X-ray Burst Oscillations: From Flame Spreading to the Cooling Wake

TL;DR

This paper models X-ray burst oscillations from neutron stars, demonstrating that asymmetric cooling processes can produce high-amplitude signals observed during burst decay phases.

Contribution

It introduces realistic models of flame spreading and cooling, showing asymmetric cooling can explain high-amplitude oscillations in burst tails.

Findings

Canonical cooling models produce lower amplitude oscillations.

Asymmetric cooling models match observed high amplitudes.

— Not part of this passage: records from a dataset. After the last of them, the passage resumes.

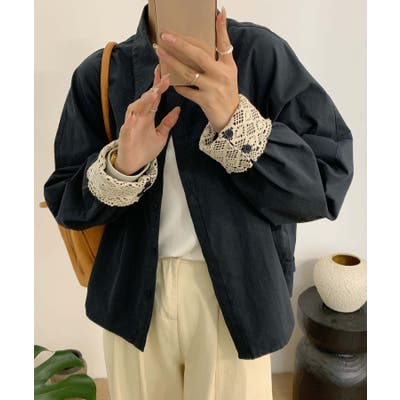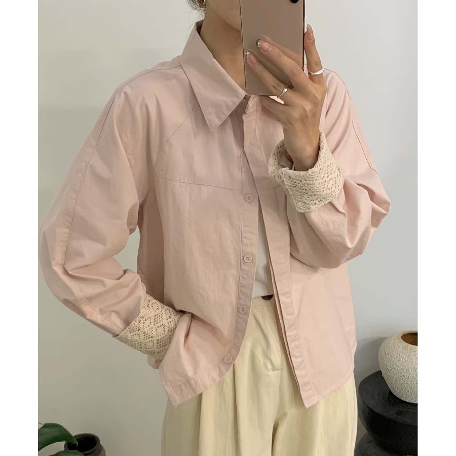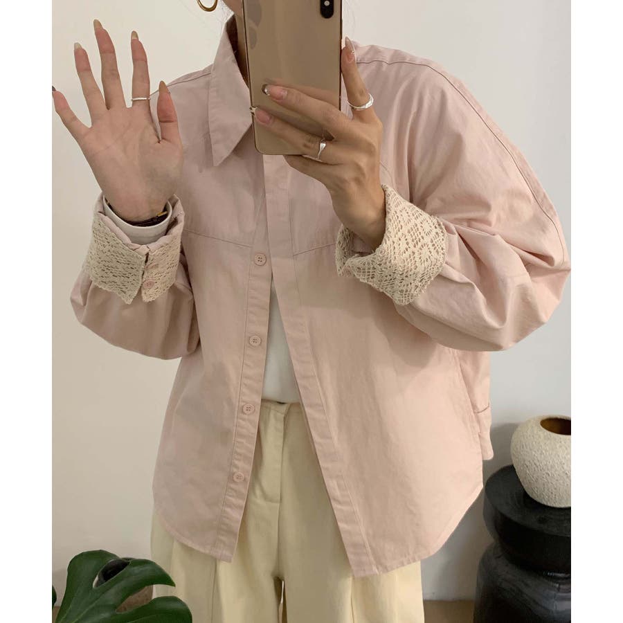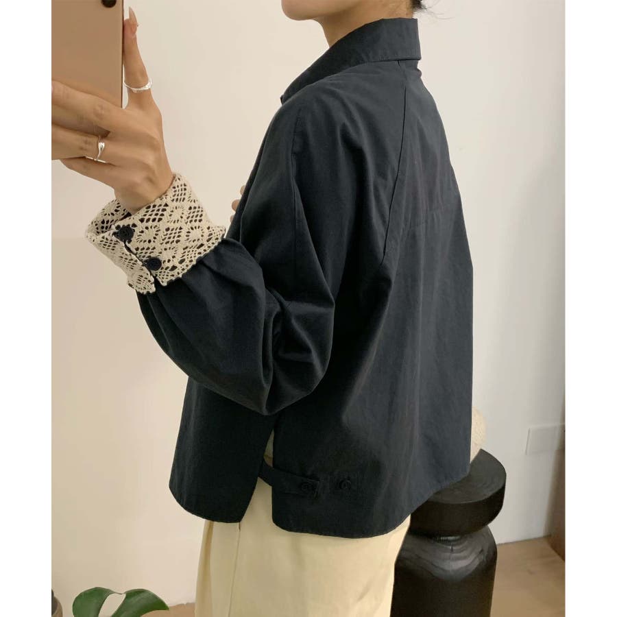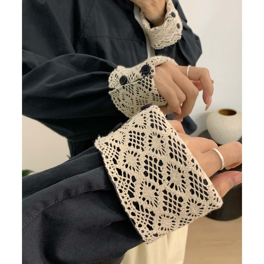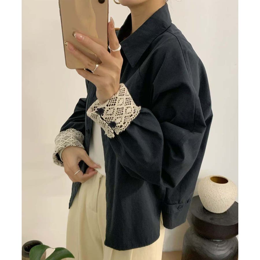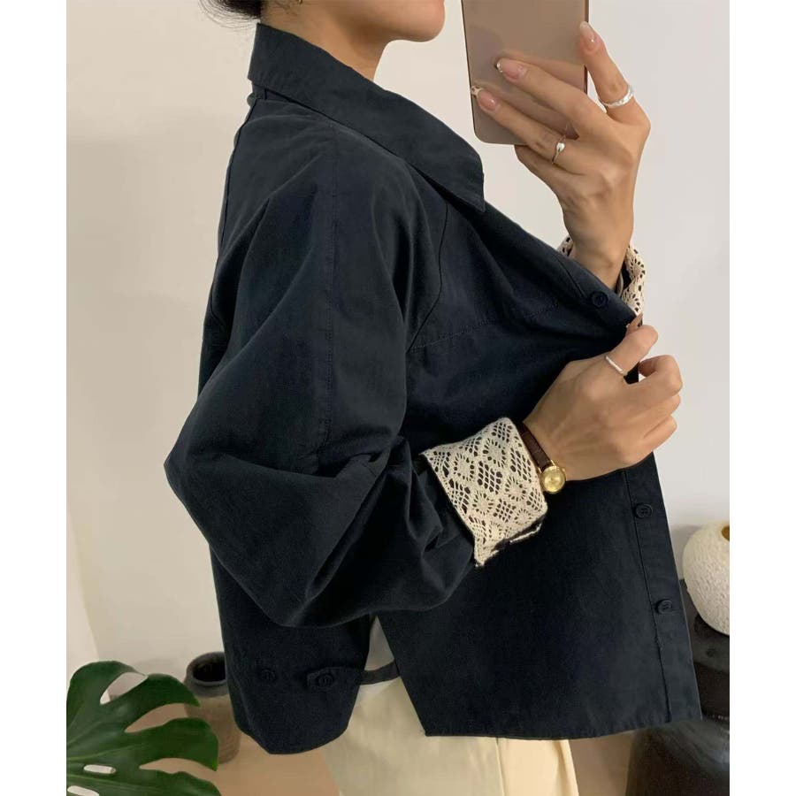 レースディテールコットンシャツ
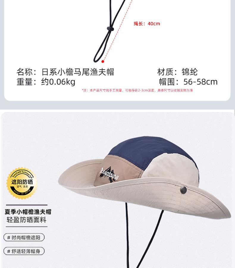 2024 nuevo sombrero de pescador con combinación de colores de primavera y verano, sombrero para pesca y montañismo al aire libre, sombrero de sol para mujer de secado rápido, transpirable y con protección solar
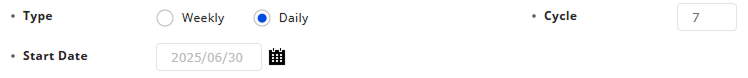 種別:週単位または日単位のスケジュールを選択します。 日 を選択すると、周期 と 開始日 を選択できます。
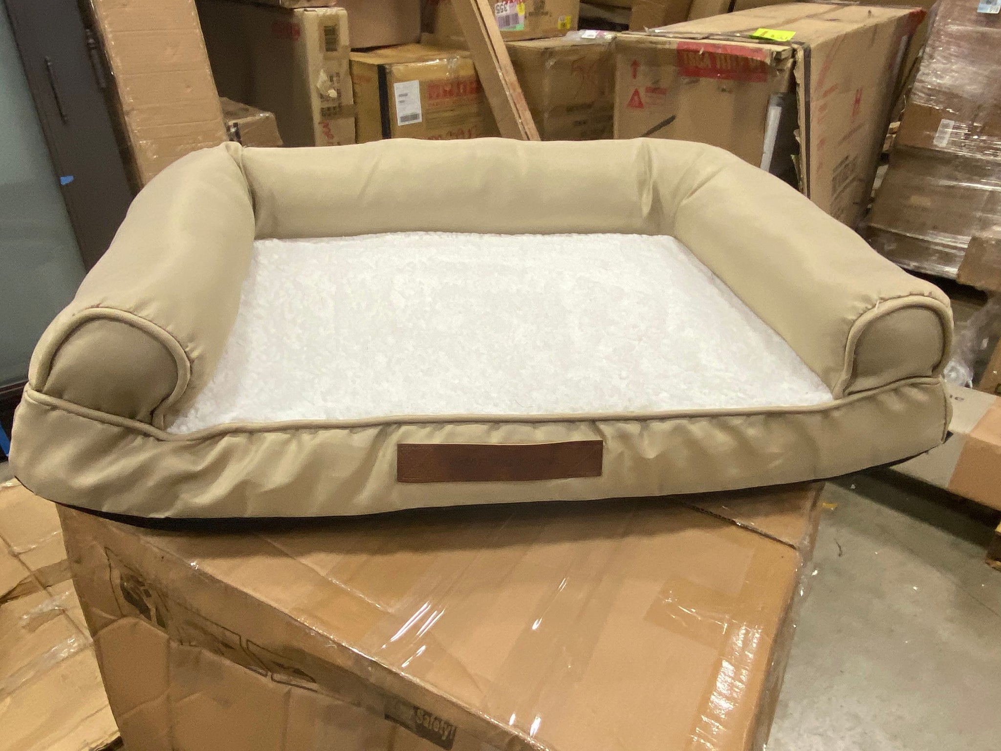 Open box, The color is taupe, Set of 2 beds. Please Note: Small tear on underside of 1 bed.
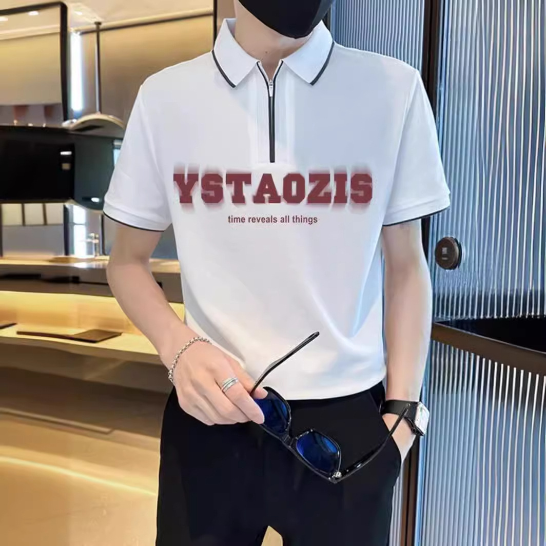 美式半拉链短袖t恤男夏季新款潮牌字母印花Polo衫宽松时尚体恤衫
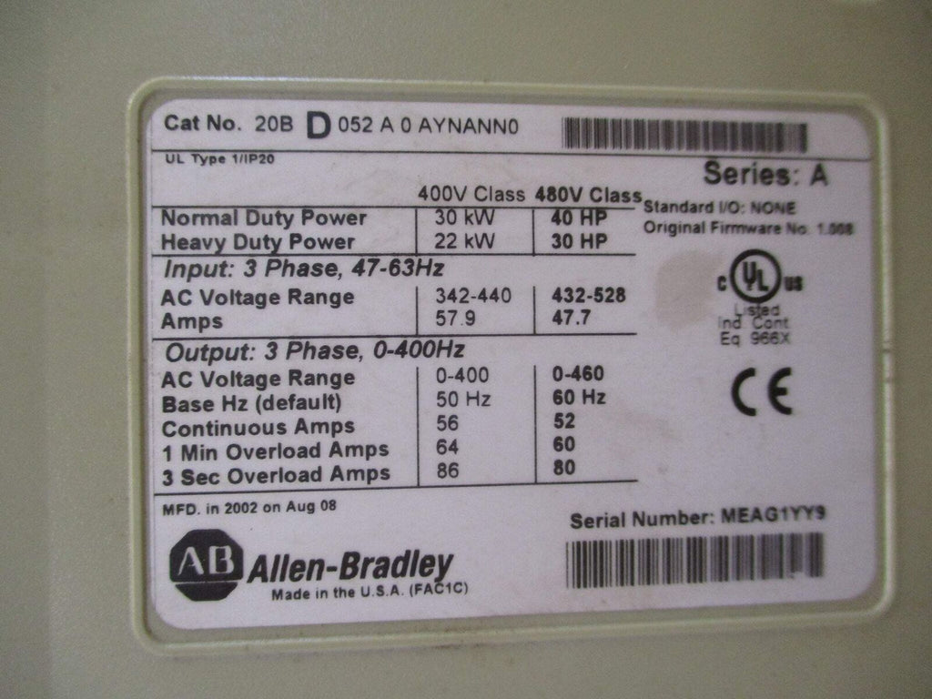 Allen-Bradley PowerFlex 700 AC Drive 20BD052A0AYNANN0 40HP 3Ph w/ Keypad Used Allen-Bradley PowerFlex 700 AC Drive Part #: 20BD052A0AYNANN0 40 HP 3Ph Input: 47-63 Hz AC Voltage Range: 432-528 47.7 A Output: 0-400 Hz AC Voltage Range: 0-460 Base Hz (default): 60 Hz Continuous Amps: 52 1 Min Overload Amps: 60 3 Sec Overload Amps: 80 w/ Keypad Dims: 21" x 9" x 8" Weighs: 45 LBS Used Loc: AB11-8039 / AB6K3
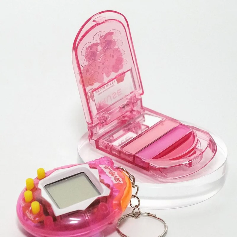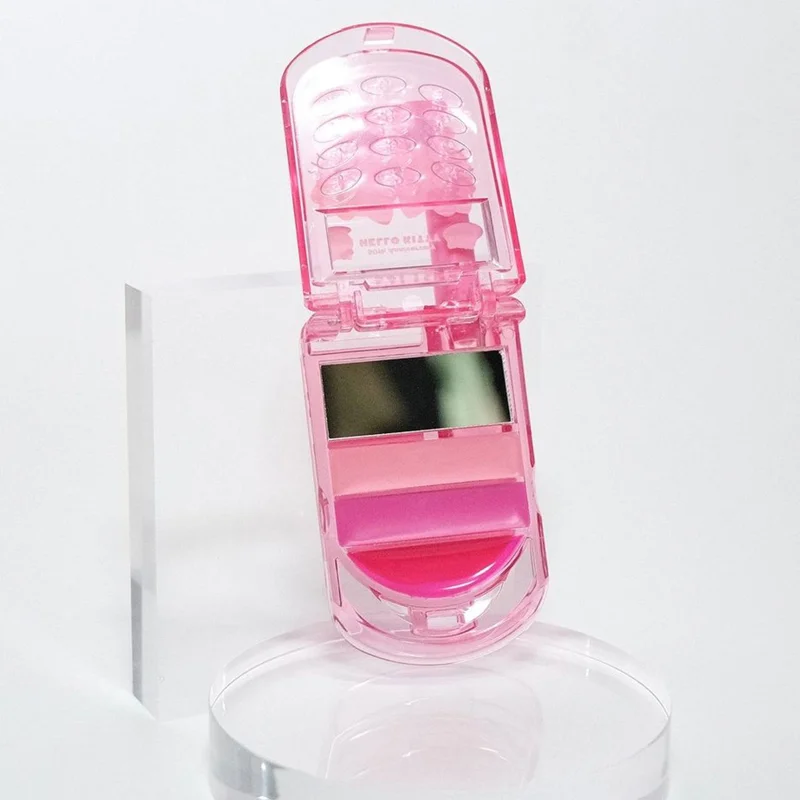 ✨ این پلت فانتزی که به شکل گوشی موبایل طراحی و تولید شده، دارای سه رنگ در طیف صورتی برای آرایش گونه و لب است.👄🎀✨

Models track oscillation amplitude during both rise and decay phases.

Abstract

Type I X-ray bursts are thermonuclear flashes observed from the surfaces of accreting neutron stars (NSs) in Low Mass X-ray Binaries. Oscillations have been observed during the rise and/or decay of some of these X-ray bursts. Those seen during the rise can be well explained by a spreading hot spot model, but large amplitude oscillations in the decay phase remain mysterious because of the absence of a clear-cut source of asymmetry. To date there have not been any quantitative studies that consistently track the oscillation amplitude both during the rise and decay (cooling tail) of bursts. Here we compute the light curves and amplitudes of oscillations in X-ray burst models that realistically account for both flame spreading and subsequent cooling. We present results for several such "cooling wake" models, a "canonical" cooling model where each patch on the NS surface heats and cools identically, or with a latitude-dependent cooling timescale set by the local effective gravity, and an "asymmetric" model where parts of the star cool at significantly different rates. We show that while the canonical cooling models can generate oscillations in the tails of bursts, they cannot easily produce the highest observed modulation amplitudes. Alternatively, a simple phenomenological model with asymmetric cooling can achieve higher amplitudes consistent with the observations.